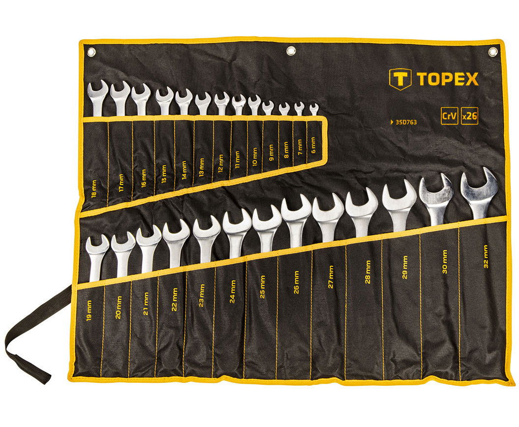 - A TOPEX csillag-villáskulcs készlet kiválóan beválik szerelési, barkácsolási munkákban.
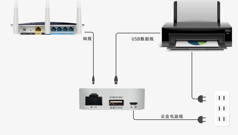 - 准备好线缆链接,将包装内的主机,电源适配器,网线 取出并将我们要连接的打印机准备好(打印机数据线自备),按照下方图片将设备间建立连接:
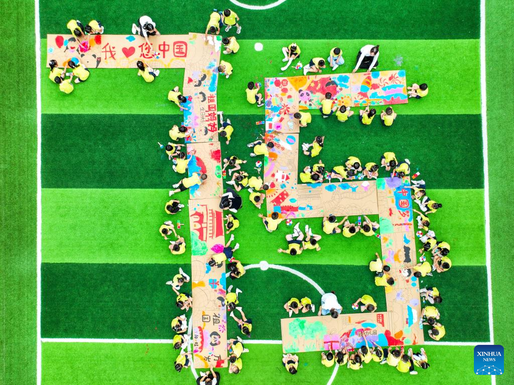 An aerial drone photo taken on Sept. 26, 2024 shows kids jointly creating a painting commemorating the upcoming 75th anniversary of the founding of the People's Republic of China at a kindergarten in Tonggu County of Yichun City, east China's Jiangxi Province. (Photo by Zhou Liang/Xinhua)
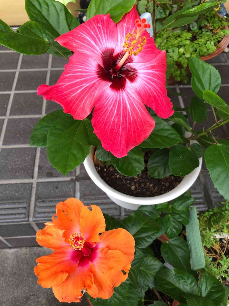 今日も、2色のハイビスカスさんが美を競っております😊🧡🌺あ、もしお時間ありましたら、花びらの枚数を教えてみてくださいな😃🙏🙌😅
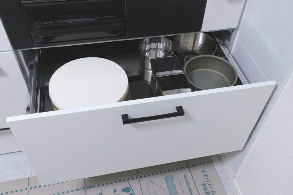 ↑ これはコンロ下の結構大きな引出収納。
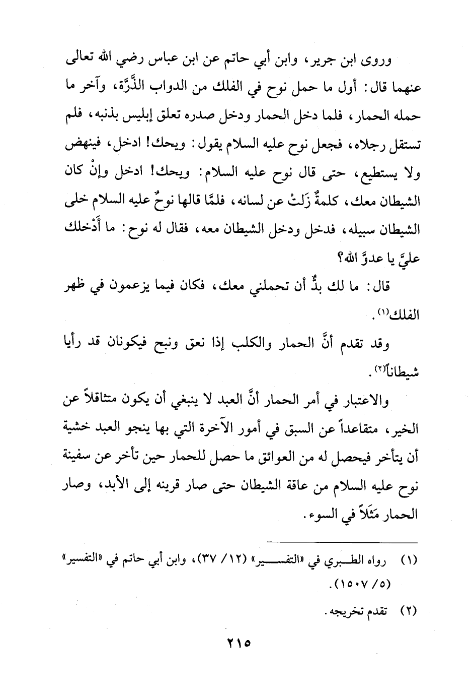 وروى ابن جرير، وابن أبي حاتم عن ابن عباس رضي الله تعالى عنهما قال: أول ما حمل نوح في الفلك من الدواب الذَّرَّة، وآخر ما حمله الحمار، فلما دخل الحمار ودخل صدره تعلق إبليس بذنبه، فلم تستقل رجلاه، فجعل نوح عليه السلام يقول: ويحك! ادخل، فينهض ولا يستطيع، حتى قال نوح عليه السلام: ويحك! ادخل وإنْ كان الشيطان معك، كلمةٌ زَلتْ عن لسانه، فلمَّا قالها نوح عليه السلام خلى الشيطان سبيله، فدخل ودخل الشيطان معه، فقال له نوح: ما أَدْخلك عليَّ يا عدوَّ الله؟
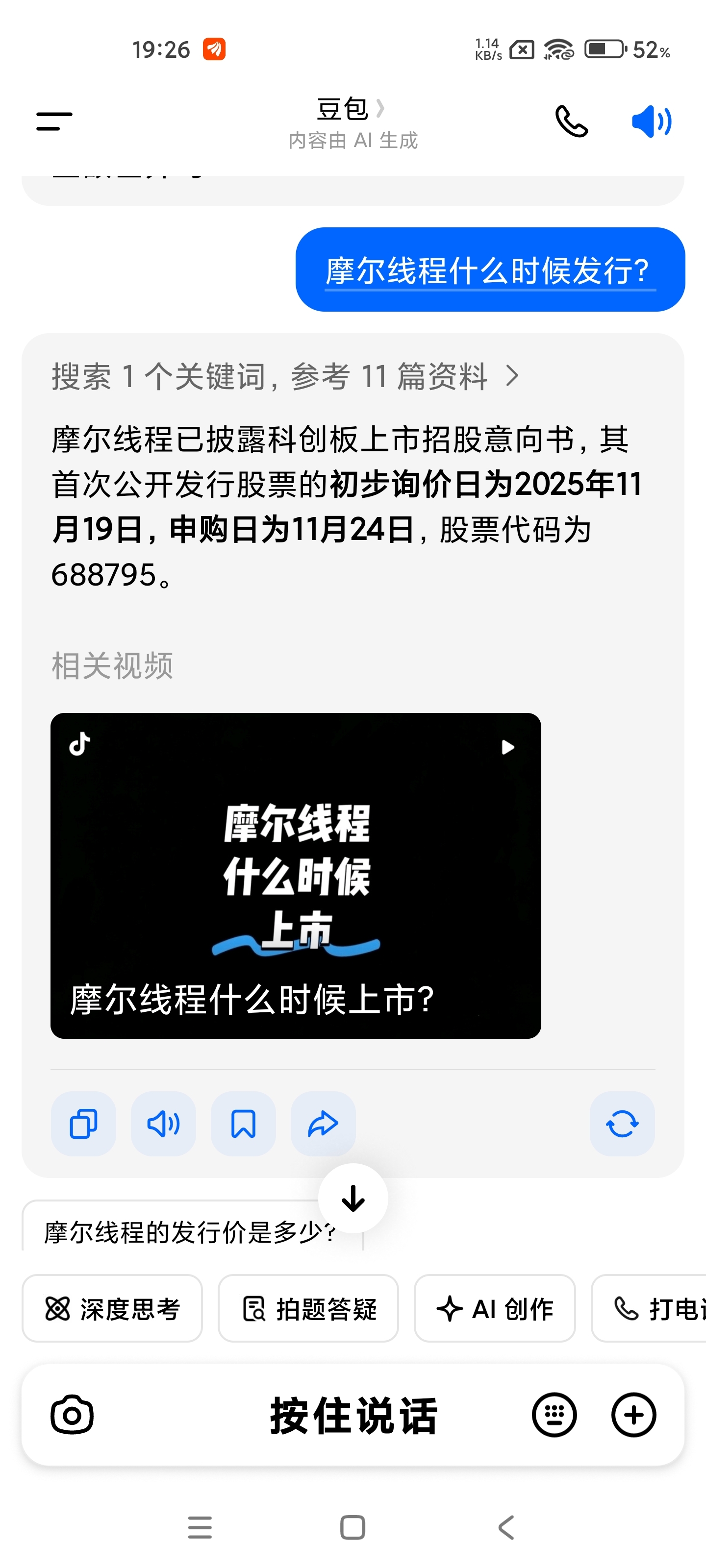 $大众公用(SH600635)$ 摩尔线程月低申购上市了。
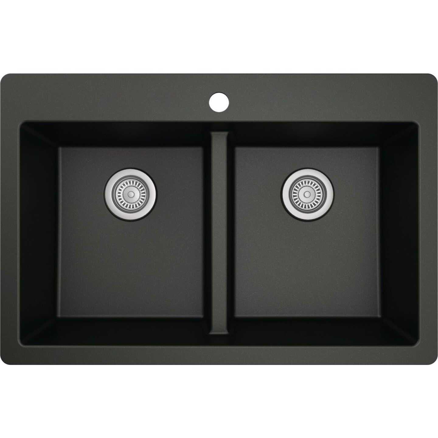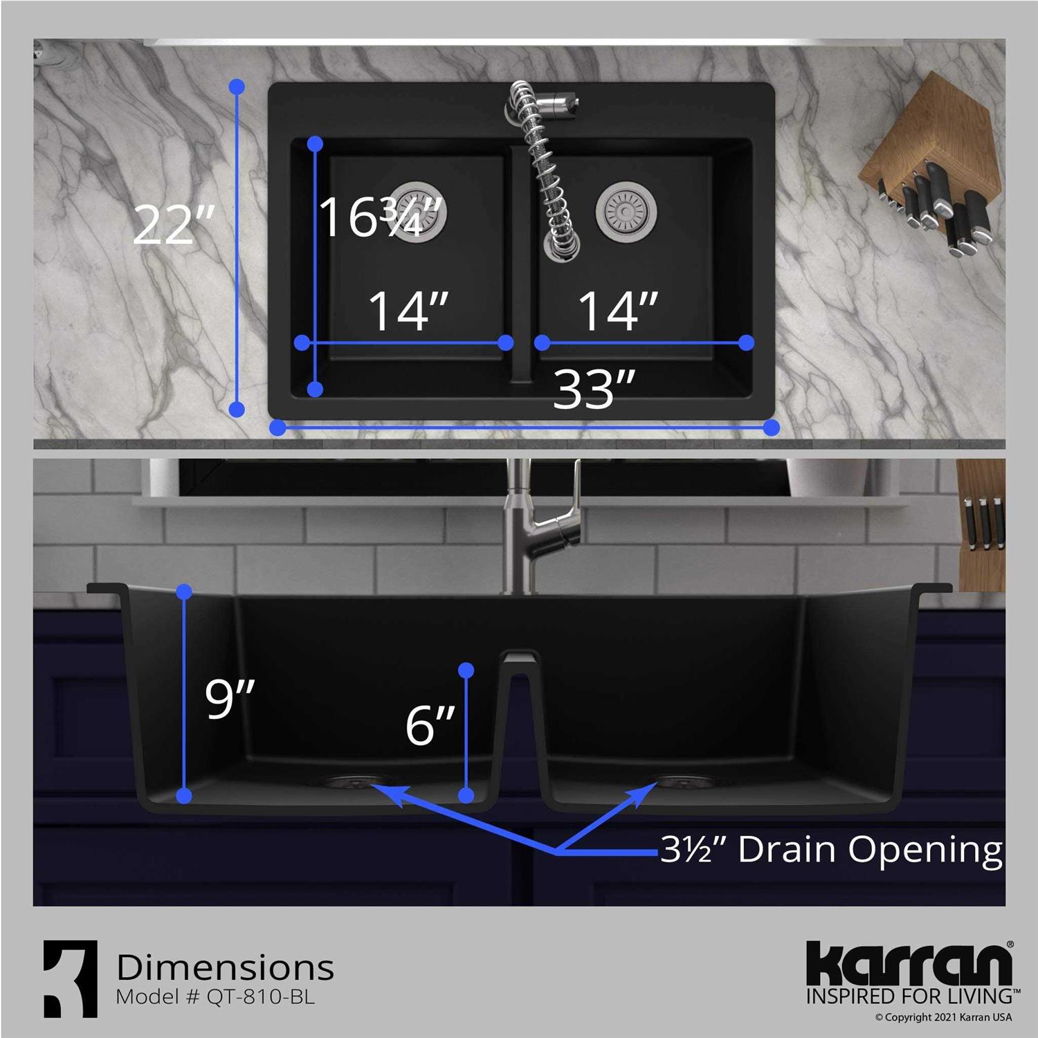 Karran QT-810 33″ Top Mount Double Equal Bowl Quartz Kitchen Sink in Black
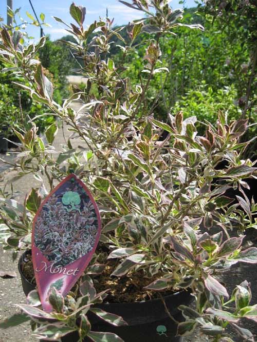 Beschreibung : kompakte Strauch, Die dunkelgrünen Blätter weisen eine rosaweisse, unterschiedlich breite Umrandung auf,

☆ ☆ ☆ ☆

### [Exercise]
When you find the line that contains "Karran QT-810 33″", retype it and every line after it through the end of the data above, exactly, with no pictures.

### [Written response]
 Karran QT-810 33″ Top Mount Double Equal Bowl Quartz Kitchen Sink in Black
 Beschreibung : kompakte Strauch, Die dunkelgrünen Blätter weisen eine rosaweisse, unterschiedlich breite Umrandung auf,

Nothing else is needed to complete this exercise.